4.10.2014

lungs

Blogging from a dark hospital room tonight so I apologize in advance for any errors in this post. If you haven't heard yet we've been living in the hospital since Monday morning. Our little Aiden caught a nasty virus which resulted in pneumonia and long story short he's requiring some oxygen support. So here we'll stay until baby boy can breathe a bit easier on his own. 

It's been a tough week but with the help of our family and a couple of understanding bosses, we've been able to juggle Aiden's needs here at the hospital and Ryan's needs at home. It takes a village y'all. 

It's a miracle that we've gone two whole years without ending up here for lungs. Aiden's lungs were his biggest struggle during his five month stay in the nicu. He was intubated for 8 weeks, which was 6 weeks longer than Ryan. And he didn't get off oxygen until maybe 2 or 3 days before he came home for good. Guys, lungs scare me and I didn't remember how true that really was until last night. 

When we were first admitted on Monday, Aiden needed oxygen. Fine. A few hours later he was doing better so the doctors took weaned him off.  We thought we'd be discharged Tuesday morning. Tuesday came and went and Aiden was kept for observation. Thank The Lord because Tuesday night was a disaster. I had gone home to be with Ryan and Seamus took the night shift. Next thing I know I get a message that Aiden isn't doing well. They had to put him back on oxygen and bump him up to 40%. If that doesn't mean anything to you, just note that room air is made up of 21% oxygen. Even at 40% his oxygen saturation was in the 80s, when it should have been at least 95. They gave him three breathing treatments but nothing was working. Finally the PICU team came down to see him, suctioned him and got him stable. 

When I got that call, I won't lie, I was nervous. I can handle a lot of medical stuff. Brain surgery - fine.
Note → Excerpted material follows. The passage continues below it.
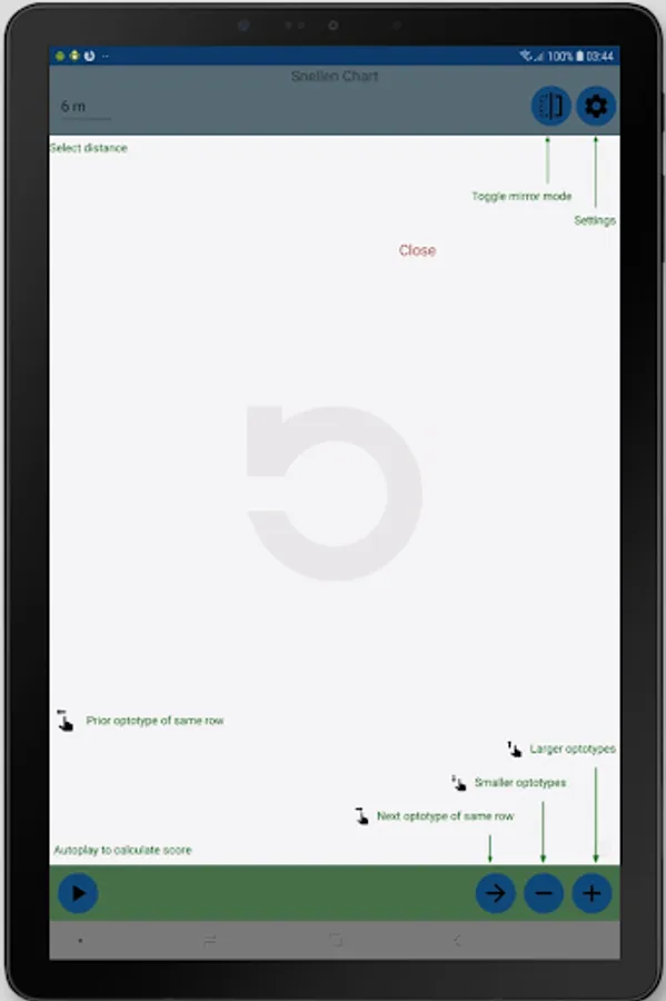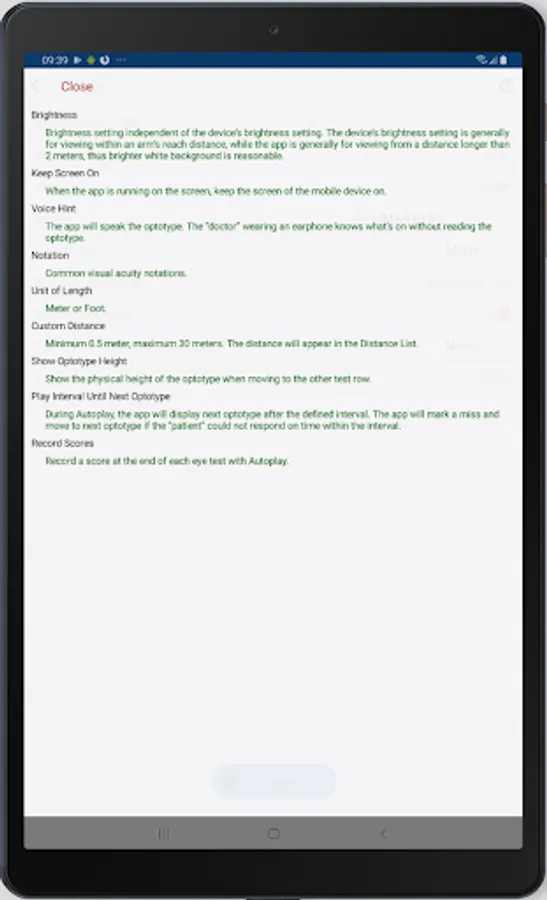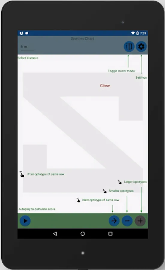 In Autoplay, the app calculates the score. For LogMAR notation, the score is (LogMAR value of the best line read) + 0.02 x (number of optotypes missed). And the maximum missed is 3. For VAS notation, the score is an inversion of the logMAR scale, based on VAS=100-50xlogMAR. For other notations, the score is the notation value of the best line read and optionally minus number of optotypes missed, and the maximum missed is 2.

I'm used to it. But lungs? I don't know, for some reason his lungs not working properly scare me so much more.  It's such a warped perception, no?  That I'm not scared of someone operating on my kid's brain. I guess it's just an aspect of our journey that not even I can understand. Something that will always linger. A little taste of where we've been. Irrational fears. Dark flashbacks. The works. 
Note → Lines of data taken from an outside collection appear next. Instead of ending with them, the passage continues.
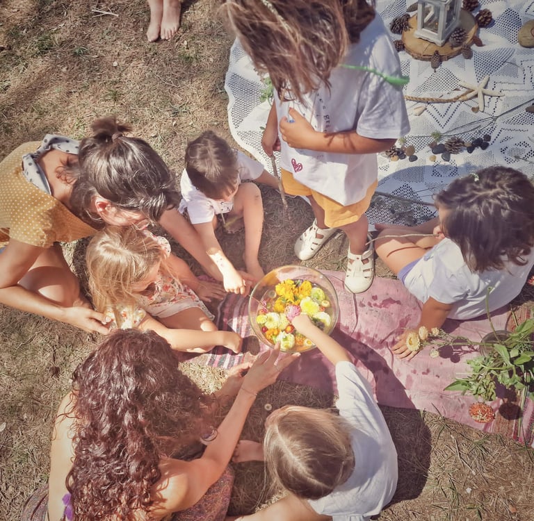 Esta propuesta emerge de una mirada compartida entre Estels espacio de vida y juego y Míriam Serrano de Educación a favor de la vida. El cuidado y dejarnos atravesar por el conocimiento de la Tierra nos ha llevado a la sencillez de compartir y celebrar vida en familia, poniendo en el centro a niños, adultos, la naturaleza y las tradiciones.
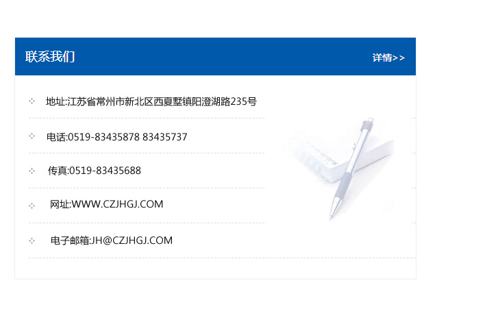 傳真:0519-83435688    郵編:213135    網址:WWW.czjhgj_com.cn-fenghao.com    電子郵箱:JH@czjhgj_com.cn-fenghao.com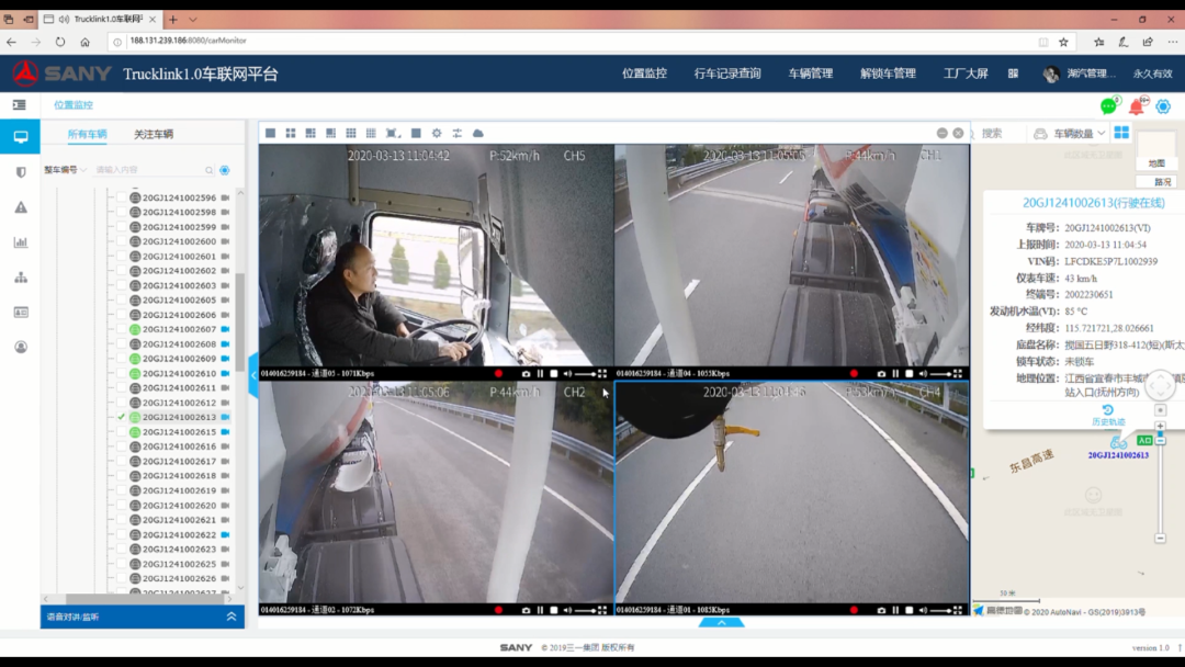 Trucklink车联网平台配备多个摄像头、传感器,可实现360°无死角设备监控。监控视频将通过高清中控大屏显示至电脑端进行在线监控,设备操作情况更清晰。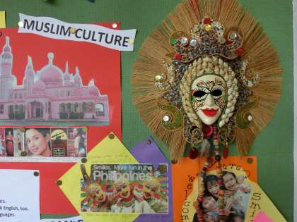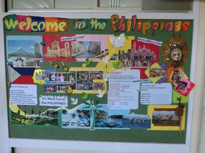 ALTのウイリー先生が、出身のフィリピンの国の楽しい紹介を作って掲示してくれています。お祭りの時につけるお面などカラフルで、自然が豊かな素敵な国だなあ〜と見とれました。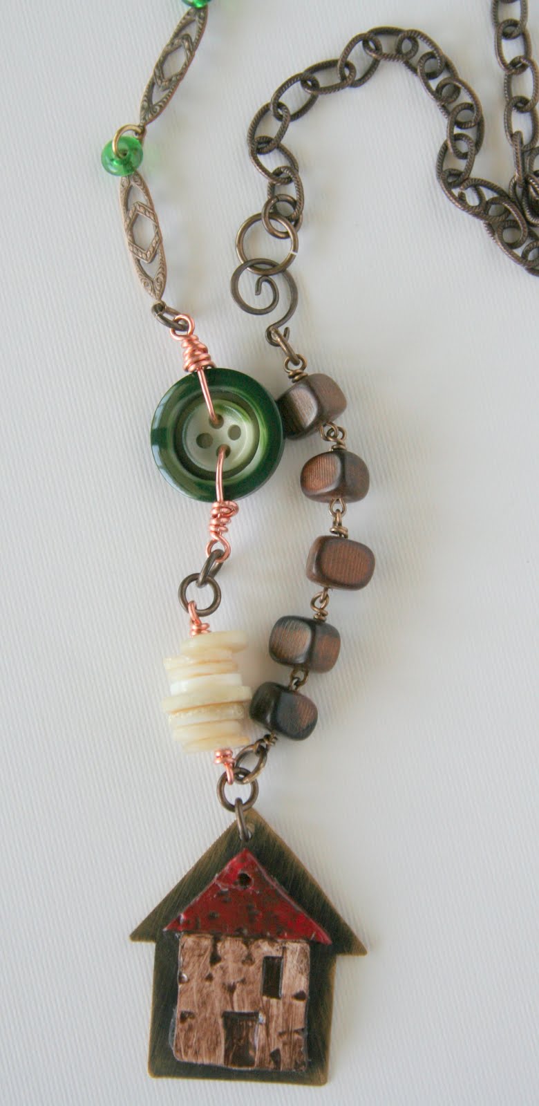 This piece includes lampwork beads by Twinstar, a drilled river rock I snatched from the Sisterhood of the Traveling Bead Box, a Vintaj Brass Sand Dollar, sterling clasp, and silver filled wire.

So here we are on Day 3 at the hospital. Baby boy is sleeping comfortably, still on oxygen. But they took his IV out and he is eating and drinking pretty normally so that's progress. 
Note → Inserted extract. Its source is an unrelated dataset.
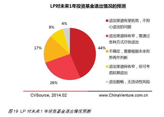 l 46%受访LP认为退出渠道有望拓宽,不担心退出的问题;27%受访者认为退出渠道将收窄,需通过各种方式尽快退出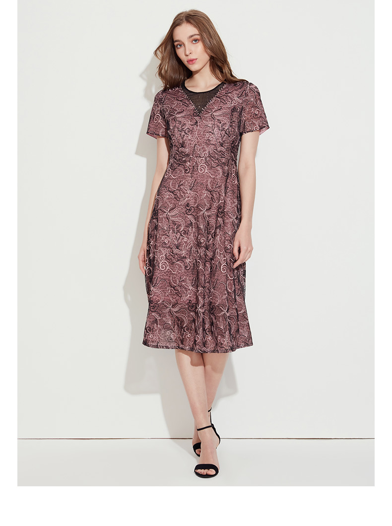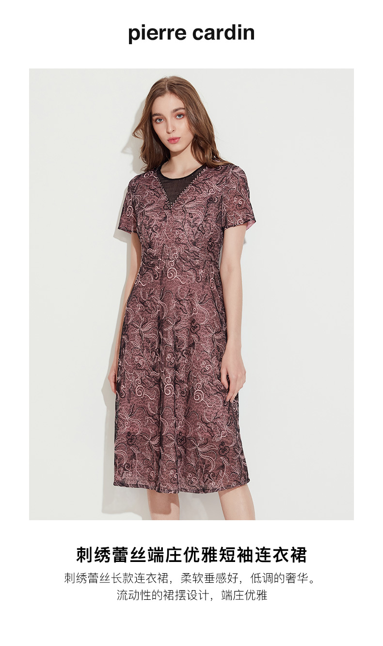 皮尔卡丹女装年夏季新款重工刺绣蕾丝连衣裙P1254D1072B0

We've had a lot of family and friends reach out to us the last few days and we want you all to know that each message and prayer is appreciated. Even of we can't thank you personally. Love and hugs to you all. And thank you for loving our boy. 

And just a hospital funny: Aiden's neighbor is a man who happens to snore. When Aiden heard the snoring earlier, he said it was a helicopter.  This kid kills me. Haha.